HMRC has, today, published "Spotlight 32" highlighting its victory in Christianuyi Ltd & Ors v Revenue and Customs UKFTT 272 (TC) (21 April 2016).

HMRC accepts (currently, and somewhat reluctantly) that people running their own business may wish to do so through a company and extract profit rather than take salary.  However, HMRC has been engaged in a constant battle with people running their own business hiding behind personal service companies to obtain the tax benefits.  

For a time, companies were set up in which workers received minimal salary and instead received dividends based on their earnings.  The workers did not run their company - this was done by a manager.  HMRC jumped on these arrangements in 2007 with the Managed Service Company ("MSC") rules.  

The MSC rules do not stop people from providing their services through their own personal service company - the key being that they should genuinely run the business themselves.  However, there is a question as to when personal service company that uses external management becomes a MSC.  
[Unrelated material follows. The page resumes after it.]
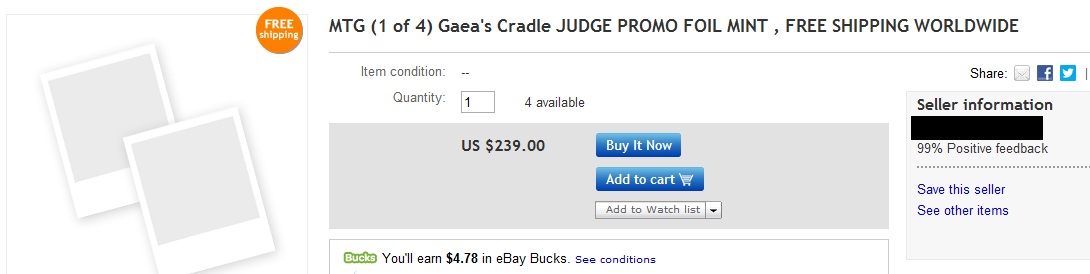 Without looking, what is the value of a Promo Foil Gaeas Cradle? If you have no clue, I bet I can influence your guess. Let’s say I showed you the only active eBay listing for this card at the time of this article:
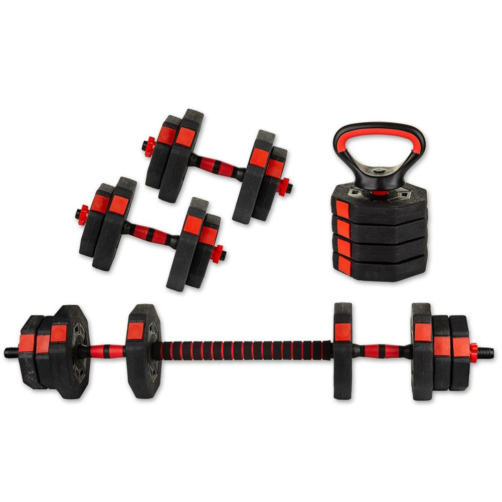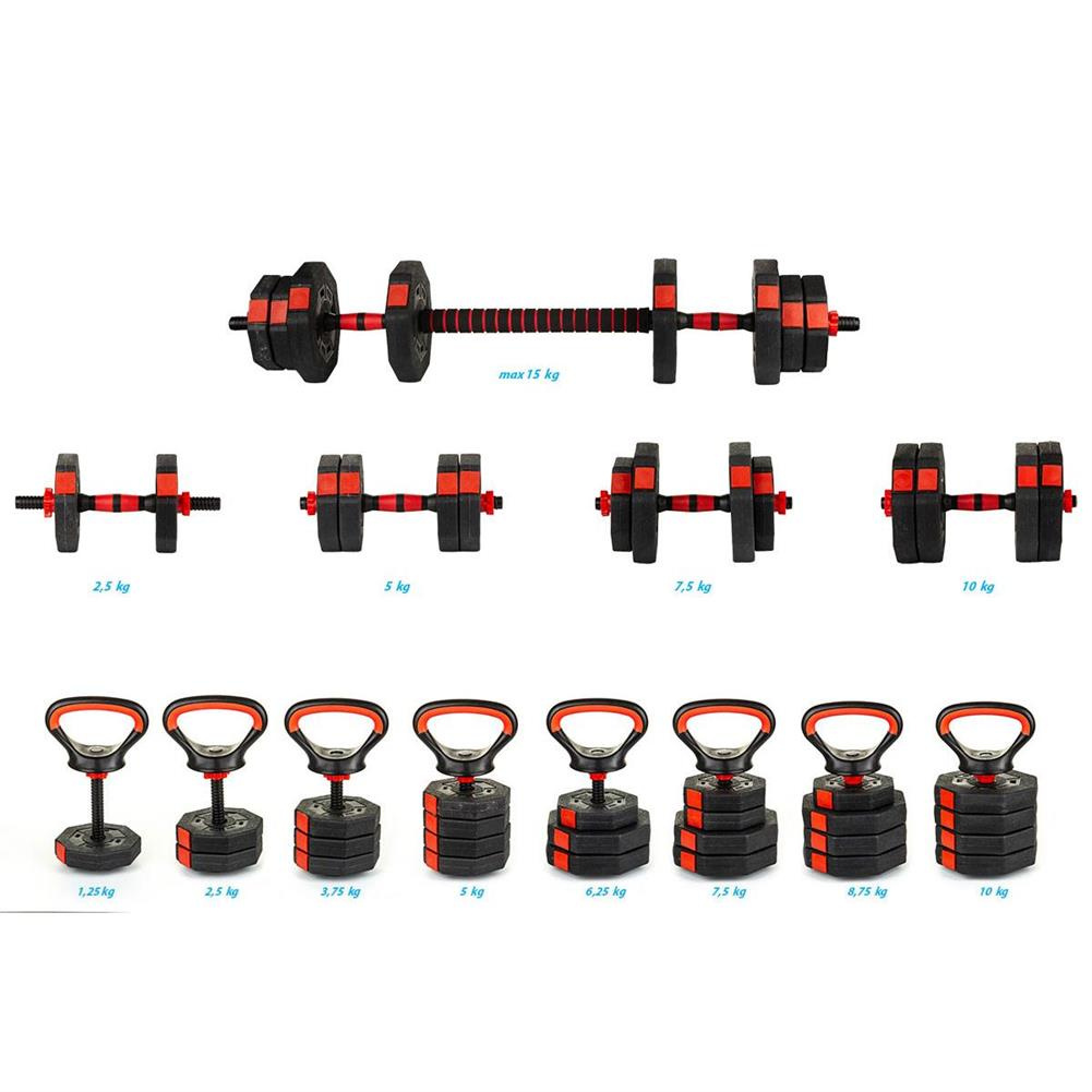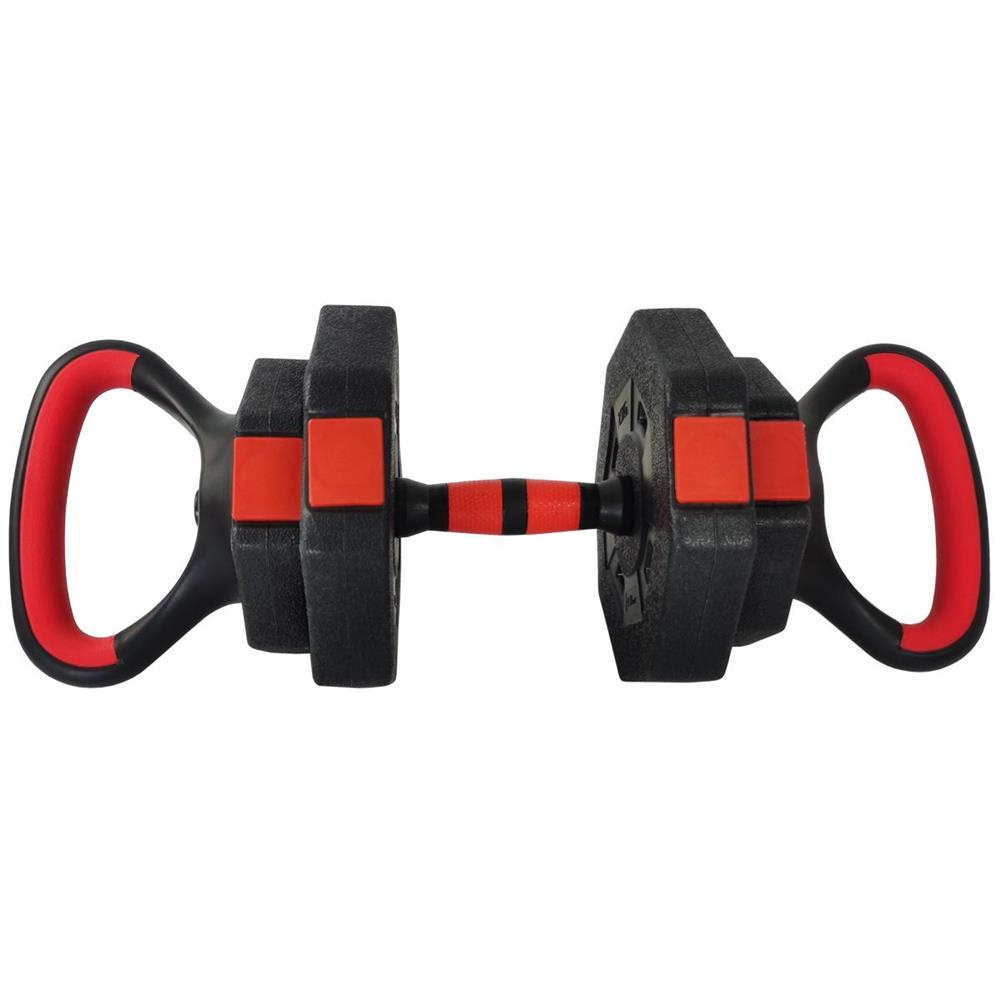 HANTLA KOMPOZYTOWA KETTLEBELL 4W1 15 KG ENERO FIT z funkcją sztangi, hantli, kettlebell, oraz urządzenia do pompek, to idealny zestaw do domowej siłowni.

In Christianuyi Ltd , HMRC challenged arrangements under which a former MSC provider was providing services to workers using personal service companies.  Although the arrangements, on paper, implied that the workers were running their own companies, the FTT found that the personal service companies were, in reality MSCs - a victory for HMRC.  

Although the FTT has given leave to appeal, others using similar arrangements can expect a call from HMRC - and quite possibly an accelerated payment notice too.  

This is another case that shows that it is not enough to label your arrangements and prepare your documentation to give you the desired tax effect - HMRC will look hard at what you actually do in practice.   

However large a label you may use saying "elephant" - in HMRC's book, if it looks like a duck, swims like a duck, and quacks like a duck, then it will still be a duck.